Using another hard stone as a hammer, the maker has knocked flakes off both sides of a basalt (volcanic lava) pebble so that they intersect to form a sharp edge. This could be used to chop branches from trees, cut meat from large animals or smash bones for marrow fat – an essential part of the early human diet.
A close look reveals that the edge is formed by a deliberate sequence of skillfully placed blows of more or less uniform force. Many objects of the same type, made in the same way, occur in groups called assemblages which are occasionally associated with early human remains.
By contrast, natural forces strike randomly and with variable force; no pattern, purpose or uniformity can be seen in the modifications they cause.
Stone chopping tools
British Museum
Walking upright on two legs enabled our earliest ancestors to search for food throughout the day when it was too hot for other animals to hunt. For some four to five million years this ensured survival, but small body size and lack of speed, fangs and claws evened up the competition with other predators.
Tools which could also have been used as weapons gave early human ancestors a new advantage. In these early artefacts it is possible to see the first spark of creative genius that set humans apart from other animals and gradually enabled us to adapt to different, often changing conditions all over the world.
The chopping tools featured here are made from quartzite and basalt cobbles. They are sometimes referred to as Oldowan and were found by Louis Leakey on his first expedition to Olduvai Gorge in 1931.
The tool is a general-purpose hand-axe. A hand-axe is a complete tool used for cutting or chopping. It is bifacial, and therefore worked on both sides, with a cutting edge all the way around.
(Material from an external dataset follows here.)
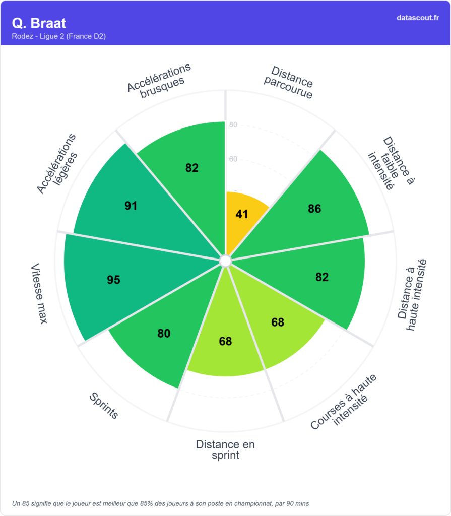 Les chiffres de Quentin Braat sont tout simplement impressionnants. Dans les buts évités, il affiche un indice de 95. Un niveau élite. Cela signifie concrètement qu’il sauve régulièrement son équipe au-delà des attentes. Son pourcentage d’arrêts (91) confirme cette tendance. Braat ne se contente pas d’être solide, il est décisif.

Experimental work carried out on objects such as this example shows they are very effective as butchery knives.
Anthropomorphic vessel
Neolithic, 4 – 3 millenium BCE
Neues Museum, Staatliche Museen zu Berlin
Europe in the 4th and 3rd millennia was characterized by a high number of cultural groups, separated according to region and time period, and often (since no ethnic names survive from this pre-literate period) named after characteristic vessels or significant archaeological sites.